Data under study ->

[Start of section]

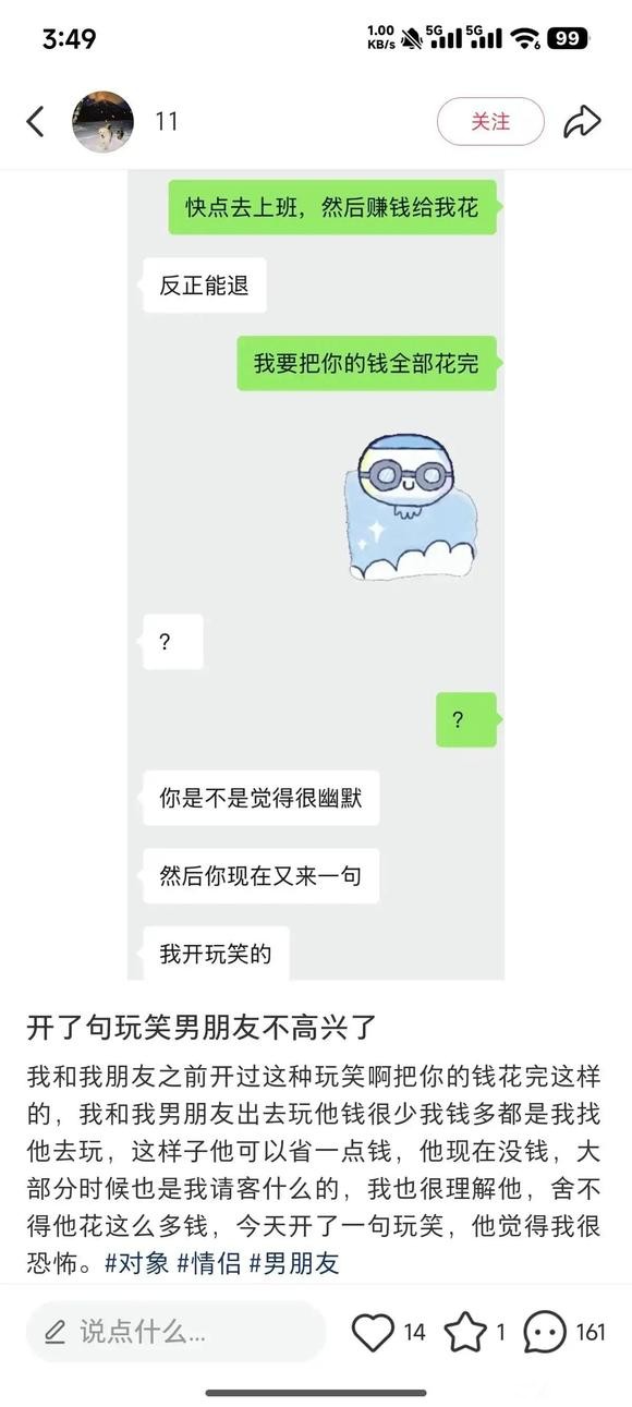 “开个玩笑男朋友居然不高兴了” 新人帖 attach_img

[End of section]
[Start of section]

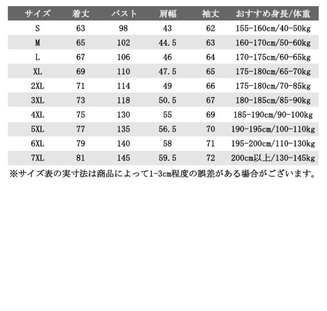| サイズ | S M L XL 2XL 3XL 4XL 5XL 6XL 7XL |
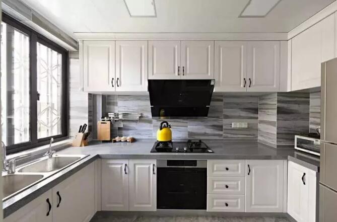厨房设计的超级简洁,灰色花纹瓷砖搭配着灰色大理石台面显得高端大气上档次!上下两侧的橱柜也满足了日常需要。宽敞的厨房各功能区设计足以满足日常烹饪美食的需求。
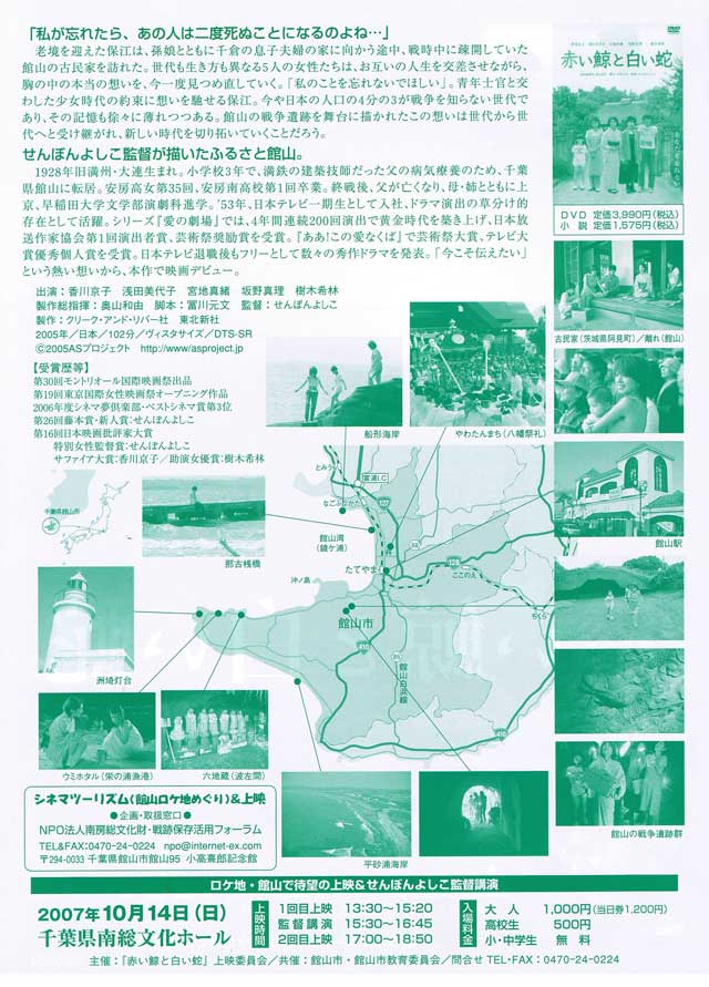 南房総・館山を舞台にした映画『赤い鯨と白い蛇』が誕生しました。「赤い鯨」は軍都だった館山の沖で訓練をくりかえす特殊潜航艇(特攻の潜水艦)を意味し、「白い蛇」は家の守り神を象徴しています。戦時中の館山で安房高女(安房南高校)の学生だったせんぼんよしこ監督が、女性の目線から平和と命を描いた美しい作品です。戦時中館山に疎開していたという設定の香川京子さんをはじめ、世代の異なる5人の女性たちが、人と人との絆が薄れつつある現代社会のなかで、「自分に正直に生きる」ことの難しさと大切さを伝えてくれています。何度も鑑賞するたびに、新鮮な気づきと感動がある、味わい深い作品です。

[End of section]

Exercise ->
Exact repeat of the material above: every line from the one with "厨房设计的超级简洁,灰色花纹" through the one with "南房総・館山を舞台にした映画", endpoints included, and nothing more. No pictures.

Output of the exercise ->
厨房设计的超级简洁,灰色花纹瓷砖搭配着灰色大理石台面显得高端大气上档次!上下两侧的橱柜也满足了日常需要。宽敞的厨房各功能区设计足以满足日常烹饪美食的需求。
 南房総・館山を舞台にした映画『赤い鯨と白い蛇』が誕生しました。「赤い鯨」は軍都だった館山の沖で訓練をくりかえす特殊潜航艇(特攻の潜水艦)を意味し、「白い蛇」は家の守り神を象徴しています。戦時中の館山で安房高女(安房南高校)の学生だったせんぼんよしこ監督が、女性の目線から平和と命を描いた美しい作品です。戦時中館山に疎開していたという設定の香川京子さんをはじめ、世代の異なる5人の女性たちが、人と人との絆が薄れつつある現代社会のなかで、「自分に正直に生きる」ことの難しさと大切さを伝えてくれています。何度も鑑賞するたびに、新鮮な気づきと感動がある、味わい深い作品です。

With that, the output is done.